Azaras' voice has been taken away by internal bruises one too many times and the more it happen, the less she licked this bridge of power getting stripped off of her with such brutality. It was her voice which lit up the missing pieces between her and Geralt when he counted on observations.

Now, everything was not how it was supposed to be. They've been given the decency of timing to get dressed up and only after that assaulted by the local authorities, tossed in their prison and sentenced to an early execution, considering amongst people Geralt killed and stepped over to save Azaras was also the little lord of the city.

Politically messed up situations did not bother him though. Not even the chains, tightly wrapped around their wrists together, connecting them to the dirty floor they have been seated on, back to back, with noth but a sturdy wood pillar between them, disturb him in the possibility that were he to break them free, the roof will just collapse on top. Too little counted on that thin stick. And too much seemed to have counted on her voice, which he deeply missed.

That was the White Wolf's real trouble at the moment, when his eyes shred blankly alit towards a dark wall: he couldn't read her silence, he couldn't find the comfort of her gentle features either.

Left but a wanderer into discomfort, Geraly realized those could have been the seconds that she had to endure when he always wordlessly and thoughtlessly asked to be understood through simplicity and lack. It was an instinct though, he never realized he'd gained, to leave the words to the humans, for they never cared about what he had to say anyway.

She was worth every single syllable and effort of getting over those decades of innermost frail.

Azaras felt shattered, reduced and vulnerable. Pain was something she knew how to get over and the healing process was slow but certain, that she might just wake up in two days time and have her voice restored fully, but it was the moment in which she was cut silent that hit her across the face harder than any stench of a prison. She was forced to be a sort of a silent that doomed her as close to death as anything sharper, for she had to be what small part she did not enjoy in Geralt.

"I...," he began after the bells in the city stroke the dawn and the beginning of the paths to busier markets which will rain the dust of the ceiling over them, soon. Geralt's head bowed and untied hair, still damp, hanged on both sides of his face while he sighed. "I am sorry I let this happen to you, Azaras."

It's not your fault, she wished she said. But her lips would move and no sounds would form from the bellows of her throat. Only a listener, the silence endured and Geralt had to unsharpen his teeth onto words.

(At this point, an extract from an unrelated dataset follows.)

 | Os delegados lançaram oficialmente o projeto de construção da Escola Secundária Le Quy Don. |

"Ever since," his tongue dried, defensive, but if any time he felt was better than right before their nearing death sentence in this Gods forsaken city, it was it. So he cleared his throat with a little cough, drenched in confidence that their escape will be prompt, while it still had to wait for him to take this chance. "Ever since you died by that Blood Sorcerer's last trick... I can't imagine losing you again. I got us into this mess because..."

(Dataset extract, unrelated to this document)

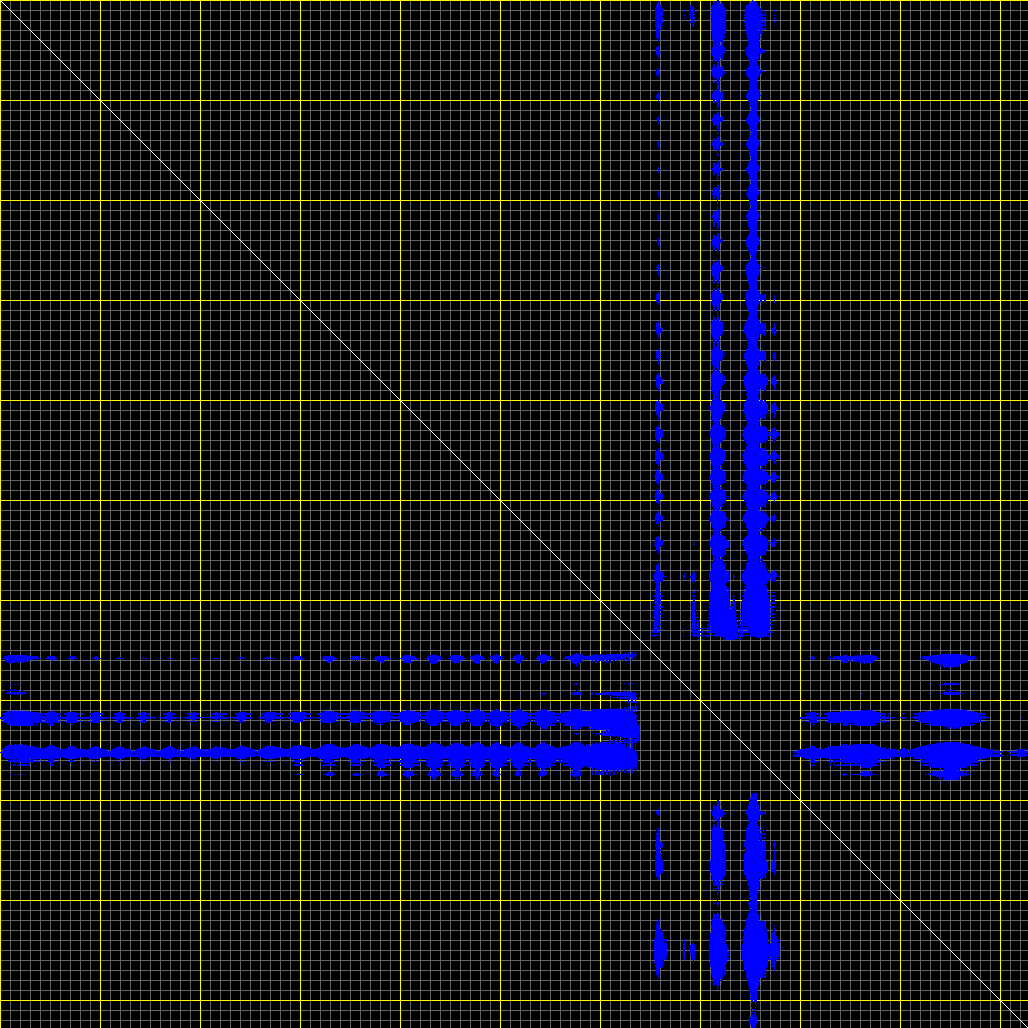 This matrix displays the maximum distance fluctuations between all pairs of CA atoms and between the two extreme conformations that were computed for this mode (DQMIN/DQMAX). Distance increases are plotted in blue and decreases in red for the strongest 10% of the residue pair distance changes. Every pixel corresponds to a single residue. Grey lines are drawn every 10 residues, yellow lines every 100 residues (counting from the upper left corner).

He hesitated and Azaras' heart skipped its beat downhill. "But I'll get us out of here."

Azaras sighed, ultimately and counted through the last bells above, coming from high towers, how many heavy steps booted the halls of this prison. If she could heal on the inside, she imagined she could heal much more than just tissue, yet with no way of actually asking Geralt about a Witcher's limitations, she decided to take the initiative he so gallantly spoke about.

A bone cracked somewhere in the room.

The following second, Azaras' wrists have been freed of the chains and while her left hand was bleeding heavily enough to start pooling blood on the ground, her right hand held a white fragment, like a needle.

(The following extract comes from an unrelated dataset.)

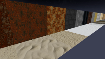 Asphalt (8), Bricks (18), Carpet (6), Caustics (1 + 1 SubUV), Ceiling (3), Chipboard (1), Cliff (5), Coal (1), Concrete (16), Crate (4), Drywall (2), Fence (11), Grass (9), Grate (1), Gravel (1), Ground (20), Ice (3), Lava (1 + 1 SubUV), Linoleum (3), Metal (22), Mud (3), Padding (2), Pebbles (1), Plaster (8), Rocks (6), Roof (18), Sand (4), Snow (4), Stones (8), Tiles (23), Train Tracks (1), Vent Cover (1), Vent Shaft (1), Wallpaper (6), Water (1 + 1 SubUV), Wood (27).

With a piece of her own bone, she unlocked Geralt's chains. The door of the cell opened. Azaras got up and the bone was thrown from her hand into the skull of the man who must have come to deliver them, the prisoners to their deaths.

Geralt got up and caught her bleeding hand in a frim gentleness, though she must have wanted to bow down and take the keys of the dead which might have returned them to their weaponry, perhaps crucial in getting out of that city expecting a public execution. "Did you not hear me?" His voice thundered instead.

Her glare was loud where her voice was missing, silencing Geralt to a low growl alone. Azaras may not have had the ability to speak, but while they were standing in front of each other, she could mouth words.

"I am," her hand holding the bone piece hit her chest, "a Witcher too," she touched then his medallion.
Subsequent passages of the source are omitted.